Most can be given to all students at once. A notable exception is a kindergarten reading and writing assessment. It takes only 15 to 20 minutes, but it must be given to each child one on one, adding up to 300 to 400 minutes for a class of 20 kids.
Wednesday, November 19 -- 8:19 am The North County Times today laid off 25 newsroom staffers -- a significant reduction of about 25 percent in its news staff. Nine other employees were laid off companywide, constituting about a 10 percent overall reduction in staff size.
It's the third time the Times has cut its staff this year.
The Times lost 16 newsroom employees in February as part of a voluntary buyout plan. It cut another 10 people in September, including one from the newsroom. Combining all the cuts, the newspaper's editorial staff has been trimmed almost a third this year.
Editor Kent Davy said the cuts were not made throughout the newspapers owned by Lee Enterprises, the Times' publicly traded parent company, which posted a severe profit decline last week. Davy said the layoffs were a result of the "general market and advertising market."
Lee Enterprises, an Iowa-based company, has seen its stock value battered in recent years as it has continued posting declines in advertising revenue. The company, which owns the Times, St. Louis Post-Dispatch and 48 other daily papers across the country, was valued by stockholders at $2 billion in 2004. Today, all of its stock is worth $68 million.
The laid-off employees will receive severance packages, though Davy would not comment on what they include. Davy said he remained hopeful about his newspaper's future.
"The newsroom in this paper is composed of extraordinarily fine people, both those who we had to say goodbye to today, but also those who remain," he said. "I have every confidence we can continue to build a fine newspaper here. This is an extraordinarily painful day. One we're sad about. But I'm confident we will rebound. This paper has a future in San Diego and North County."
Update: The original version of this post incorrectly stated that Lee Enteprises posted a loss last week. The post has been updated to reflect a profit decline.
Wednesday, November 19 -- 12:04 pm I can't help but posting a funny coincidence:
Today at the City Council meeting there was a presentation on the implementation of automated external defibrillators. One of the presenters was Maureen O'Connor, but not that Maureen O'Connor, the former mayor of San Diego. This O'Connor was the project coordinator for San Diego Project Heart Beat, the AED program being discussed today.
And then, a man stood up to comment and lend his support for the program.
His name: Jerry Sanders. (He was quick to point out that he is not the current mayor of San Diego.)
Tuesday, November 18 -- 6:47 pm
The San Diego Unified school board approved a proposal Tuesday night to hire an outside group to help craft evaluation criteria and procedures for school principals, despite complaints about its cost and objections from the principals association.

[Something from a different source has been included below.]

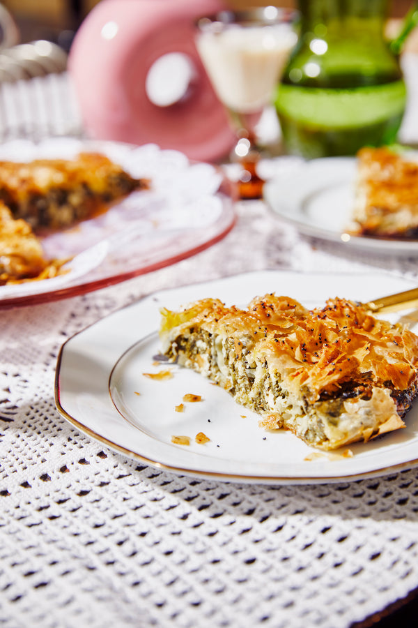 Leg een vel deeg open op een plank of plaat en bestrijk met boter.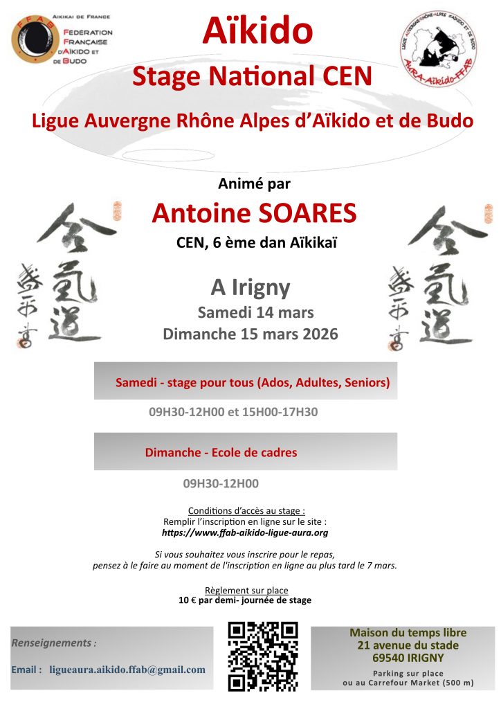 Stage CEN pour tous et école de cadres, A. Soares, 14 et 15 mars 2026, Irigny

The proposal to craft new ways to evaluate principals gained more poignancy on the heels of a San Diego Unified report that found the district delinquent in evaluating its principals and administrators. Evaluating staffers has proved thorny in the past: San Diego Unified has twice fended off lawsuits in recent years about improper firings or evaluations of principals, said school board president Katherine Nakamura, who estimated that some administrators had not been evaluated in over a decade.

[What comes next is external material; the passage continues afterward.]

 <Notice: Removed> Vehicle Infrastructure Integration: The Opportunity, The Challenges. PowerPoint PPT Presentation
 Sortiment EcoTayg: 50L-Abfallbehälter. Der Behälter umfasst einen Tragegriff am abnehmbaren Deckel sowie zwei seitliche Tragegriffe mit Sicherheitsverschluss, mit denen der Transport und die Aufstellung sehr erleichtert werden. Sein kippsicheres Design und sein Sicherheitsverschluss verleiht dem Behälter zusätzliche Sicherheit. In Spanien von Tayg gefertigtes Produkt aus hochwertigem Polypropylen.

Superintendent Terry Grier attributed the problem to vague language in the school district agreement with principals that made it unclear how to evaluate principals without avoiding legal peril, and said those agreements need to be renegotiated. Grier said the $250,000 contract with a Colorado-based group would help solve the problem.
"In the long run, if you want us to hold principals accountable," Grier said, "... there has to be a different instrument."
Several stakeholders found the $250,000 contract objectionable in light of the budget crisis looming ahead for San Diego Unified. Administrators Association Executive Director Jeannie Steeg said that the amount was excessive, even though a new evaluation system was "desperately needed." Her comments were echoed by school board member Shelia Jackson, who called the proposal "irresponsible" and insulting to district staffers who Jackson believed could do the same work at a lesser expense.
Grier countered that the firm was expert and the contract was worthwhile, saying, "This amount of money is a bargain." He also reassured the board that he and the firm would work collaboratively with the Administrators Association to hash out a common agreement.
The report on principal evaluation was produced as part of the coherent governance system that the San Diego Unified school board adopted this year. That system became best known for a short provision that barred board members from publicly criticizing the superintendent or his staff, and Nakamura has lamented that the policy overshadowed the larger system of internal monitoring that included the periodic reports on how San Diego Unified is functioning -- or malfunctioning.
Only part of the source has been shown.